*Source information*
▬▬▬▬▬▬

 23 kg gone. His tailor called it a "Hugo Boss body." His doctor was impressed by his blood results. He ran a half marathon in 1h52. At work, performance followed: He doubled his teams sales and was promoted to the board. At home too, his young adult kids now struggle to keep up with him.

▬▬▬▬▬▬

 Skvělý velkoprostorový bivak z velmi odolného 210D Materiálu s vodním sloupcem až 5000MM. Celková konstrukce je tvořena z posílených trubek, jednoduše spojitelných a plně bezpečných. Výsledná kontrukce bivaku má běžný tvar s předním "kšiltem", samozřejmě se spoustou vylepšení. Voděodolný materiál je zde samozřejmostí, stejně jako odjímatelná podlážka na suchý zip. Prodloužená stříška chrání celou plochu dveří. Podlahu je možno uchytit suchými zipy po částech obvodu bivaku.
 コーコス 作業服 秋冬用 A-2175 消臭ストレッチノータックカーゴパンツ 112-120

▬▬▬▬▬▬

*What you have to do*
Copy verbatim, from the listing above, each line from the one containing "Skvělý velkoprostorový bivak" down to the one containing "コーコス 作業服 秋冬用", inclusive.

*Exercise result*
 Skvělý velkoprostorový bivak z velmi odolného 210D Materiálu s vodním sloupcem až 5000MM. Celková konstrukce je tvořena z posílených trubek, jednoduše spojitelných a plně bezpečných. Výsledná kontrukce bivaku má běžný tvar s předním "kšiltem", samozřejmě se spoustou vylepšení. Voděodolný materiál je zde samozřejmostí, stejně jako odjímatelná podlážka na suchý zip. Prodloužená stříška chrání celou plochu dveří. Podlahu je možno uchytit suchými zipy po částech obvodu bivaku.
 コーコス 作業服 秋冬用 A-2175 消臭ストレッチノータックカーゴパンツ 112-120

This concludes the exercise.